◆ Work to be completed
Please output exactly the part of the records below that opens with the line containing "You can log" and closes with the line containing "Son 2 GALLETAS", both lines included, and nothing else.

═════ Records for the exercise

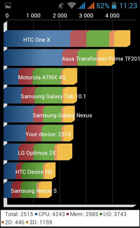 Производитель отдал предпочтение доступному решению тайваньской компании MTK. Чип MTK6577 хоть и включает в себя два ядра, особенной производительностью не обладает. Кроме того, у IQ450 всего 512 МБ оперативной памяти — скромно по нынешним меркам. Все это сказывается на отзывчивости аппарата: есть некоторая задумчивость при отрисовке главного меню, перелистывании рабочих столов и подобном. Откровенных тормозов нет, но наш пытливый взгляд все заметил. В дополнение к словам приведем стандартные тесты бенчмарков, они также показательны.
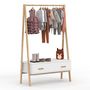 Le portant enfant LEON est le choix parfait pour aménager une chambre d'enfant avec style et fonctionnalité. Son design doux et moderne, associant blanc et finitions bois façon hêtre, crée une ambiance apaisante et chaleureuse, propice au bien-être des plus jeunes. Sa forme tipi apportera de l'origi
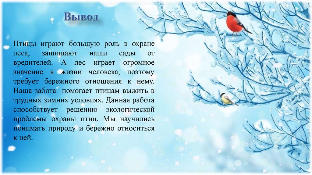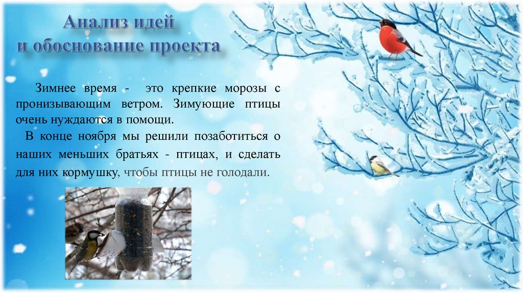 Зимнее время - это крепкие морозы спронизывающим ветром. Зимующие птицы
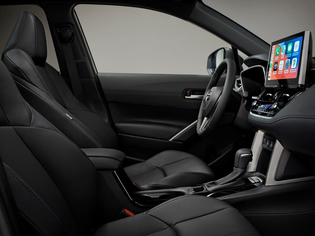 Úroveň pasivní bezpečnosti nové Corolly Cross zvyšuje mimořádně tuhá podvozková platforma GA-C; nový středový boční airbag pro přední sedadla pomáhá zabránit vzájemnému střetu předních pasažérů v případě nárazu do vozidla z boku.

══════════
═════ Records for the exercise

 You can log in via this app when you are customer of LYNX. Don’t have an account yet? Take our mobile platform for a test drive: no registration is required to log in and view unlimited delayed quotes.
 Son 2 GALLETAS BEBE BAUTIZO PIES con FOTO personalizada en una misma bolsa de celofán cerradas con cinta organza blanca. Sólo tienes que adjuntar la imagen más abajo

══════════

◆ Written reply
 You can log in via this app when you are customer of LYNX. Don’t have an account yet? Take our mobile platform for a test drive: no registration is required to log in and view unlimited delayed quotes.
 Son 2 GALLETAS BEBE BAUTIZO PIES con FOTO personalizada en una misma bolsa de celofán cerradas con cinta organza blanca. Sólo tienes que adjuntar la imagen más abajo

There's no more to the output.